İSTANBUL (A.A) - 
     Beşiktaş'taki İstanbul Adliyesine gelen teğmen Mehmet Ali Çelebi'nin avukatlarından Serkan Günel, İstanbul 13. Ağır Ceza Mahkemesine dilekçe sundu.
     Dilekçede, somut delil olmadan gözaltına alınan teğmen Mehmet Ali Çelebi'nin 29 aydır tutuklu olduğu ve kendisiyle aynı dönemde, aynı koşullarla tutuklanan 4 teğmenin mahkemece tahliye edildiği belirtildi.
     Hakkında Süleyman Solmaz'la görüşmesi nedeniyle Hizb-ut Tahrir örgütüne sızma iddiası bulunduğu kaydedilen dilekçede, Çelebi'nin taksisine bindiği Solmaz'la tesadüfen karşılaştığı ifade edildi.
     İkinci ''Ergenekon'' davası duruşmasında sorgulanan Çelebi'nin cep telefonu rehberinde bulunan telefon kayıtlarıyla ilgili çelişki olduğu savunulan dilekçede, 20 Ocak 2011 itibariyle mahkemeye ulaşan bilgilerle şüphenin giderildiği ve Çelebi'nin telefonunda yer alan Mahmut Oğuz Kazancı'ya ait telefon numaralarının gözaltına alınmasından sonra Çelebi'nin telefonuna yüklendiğinin ortaya çıktığı ileri sürüldü.
     Dilekçede, bu olayın anlaşılmasından sonra kamuoyunda büyük tartışmalar yaşandığı, emniyet müdürlüğünün çözüm tutanağındaki bilgilerin ''sehven'' karışmış olabileceğini kabul ettiği ve mahkemeye ulaşan 15 Aralık 2010 tarihli bilirkişi raporuna göre telefon numaralarının Çelebi'nin telefonunda kayıtlı olduğunun anlaşıldığı kaydedildi.

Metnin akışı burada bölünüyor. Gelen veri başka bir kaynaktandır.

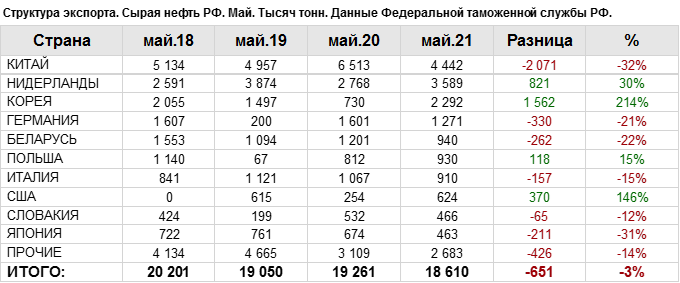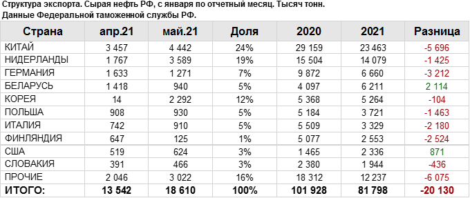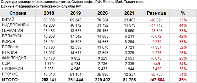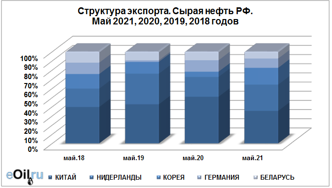 Структура экспорта сырой нефти из России с января 2021 по май 2021

     ''Sayın mahkemenizce müvekkilin tutukluluğuna ilişkin yeniden değerlendirme yapılması gereği doğmuştur. Emniyet Müdürlüğü personeline güven sarsılmıştır'' denilen dilekçede, tutuklu kaldığı süre 29 ayı bulan Çelebi'nin tahliye edilmesi istendi.
    
     -ÜYE HAKİME REDDİHAKİM TALEBİ-
    
     Bu arada, ''Poyrazköy'de bulunan mühimmat'' davasının tutuklu sanıklarından emekli binbaşı Levent Bektaş'ın da avukatlığını yapan Serkan Günel tarafından davaya bakan İstanbul 12. Ağır Ceza Mahkemesine sunulan dilekçede, mahkeme heyetinin üye hakimi Mehmet Ali Karababa'nın duruşmalarda yönlendirici sorular sorduğu, konuların üzerindeki sis perdesinin kaldırılmasını engellediği ve duruşmada sanıklara ısrarlı müdahalelerde bulunduğu iddia edildi.
     Dilekçede, diğer üye hakimlerin aksine emniyet müdürlüğünce kendisine özel imkanlar tanındığı savunulan Karababa hakkında, duruşmalarda tanıklara yönlendirici sorular yönelttiği, sanıklara ve avukatlarına çıkıştığı ve gazetelere yansıdığı şekliyle tarafsız hareket etmediği izlenimi uyandırdığı dikkate alınarak, Ceza Muhakemesi Kanunu'nun 24/1. maddesi uyarınca reddihakim kararı verilmesi talep edildi.